WHAT THE TASK ASKS:
One range is to be output from the listing below, exactly as written: the line with "GAAP to Non-GAAP" to the line with "방문했다. [울산시 제공] |", both kept.
□ □ □
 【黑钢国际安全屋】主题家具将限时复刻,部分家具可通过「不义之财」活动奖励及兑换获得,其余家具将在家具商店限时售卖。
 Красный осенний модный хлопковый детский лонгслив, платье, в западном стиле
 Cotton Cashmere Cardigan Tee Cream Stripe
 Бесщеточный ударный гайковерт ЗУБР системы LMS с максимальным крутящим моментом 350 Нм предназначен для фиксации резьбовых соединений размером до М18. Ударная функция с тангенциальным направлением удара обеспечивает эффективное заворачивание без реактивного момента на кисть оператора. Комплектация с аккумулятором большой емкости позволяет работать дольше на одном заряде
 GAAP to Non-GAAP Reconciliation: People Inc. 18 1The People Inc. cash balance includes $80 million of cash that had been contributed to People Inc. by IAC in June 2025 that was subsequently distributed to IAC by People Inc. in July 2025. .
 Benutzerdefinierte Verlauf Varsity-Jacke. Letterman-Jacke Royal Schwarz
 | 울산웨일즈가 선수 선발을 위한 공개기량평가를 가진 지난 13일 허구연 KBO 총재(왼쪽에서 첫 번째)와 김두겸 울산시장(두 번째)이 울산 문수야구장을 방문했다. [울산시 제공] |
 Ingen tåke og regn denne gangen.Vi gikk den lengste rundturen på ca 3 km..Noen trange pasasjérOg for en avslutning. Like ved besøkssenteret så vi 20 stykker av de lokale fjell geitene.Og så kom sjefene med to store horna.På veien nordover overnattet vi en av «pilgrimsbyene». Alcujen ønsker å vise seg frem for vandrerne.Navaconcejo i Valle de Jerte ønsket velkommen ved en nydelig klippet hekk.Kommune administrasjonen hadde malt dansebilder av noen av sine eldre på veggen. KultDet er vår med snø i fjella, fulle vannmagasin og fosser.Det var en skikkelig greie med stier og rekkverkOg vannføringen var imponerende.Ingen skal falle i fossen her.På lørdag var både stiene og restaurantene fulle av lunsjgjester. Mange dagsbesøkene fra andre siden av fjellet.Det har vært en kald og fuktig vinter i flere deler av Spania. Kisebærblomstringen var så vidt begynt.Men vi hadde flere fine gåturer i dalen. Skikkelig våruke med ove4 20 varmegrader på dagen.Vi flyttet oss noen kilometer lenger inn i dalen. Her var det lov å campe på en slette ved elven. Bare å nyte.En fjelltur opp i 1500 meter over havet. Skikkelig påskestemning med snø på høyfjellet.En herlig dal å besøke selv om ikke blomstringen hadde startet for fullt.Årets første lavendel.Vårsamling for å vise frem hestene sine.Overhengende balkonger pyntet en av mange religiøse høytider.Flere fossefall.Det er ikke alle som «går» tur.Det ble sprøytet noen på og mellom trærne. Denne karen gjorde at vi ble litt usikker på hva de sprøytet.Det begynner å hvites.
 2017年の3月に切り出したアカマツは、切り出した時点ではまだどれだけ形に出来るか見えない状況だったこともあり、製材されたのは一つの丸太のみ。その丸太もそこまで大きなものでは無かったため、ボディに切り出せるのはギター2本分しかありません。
□ □ □
SOLUTION TO THIS PROBLEM:
 GAAP to Non-GAAP Reconciliation: People Inc. 18 1The People Inc. cash balance includes $80 million of cash that had been contributed to People Inc. by IAC in June 2025 that was subsequently distributed to IAC by People Inc. in July 2025. .
 Benutzerdefinierte Verlauf Varsity-Jacke. Letterman-Jacke Royal Schwarz
 | 울산웨일즈가 선수 선발을 위한 공개기량평가를 가진 지난 13일 허구연 KBO 총재(왼쪽에서 첫 번째)와 김두겸 울산시장(두 번째)이 울산 문수야구장을 방문했다. [울산시 제공] |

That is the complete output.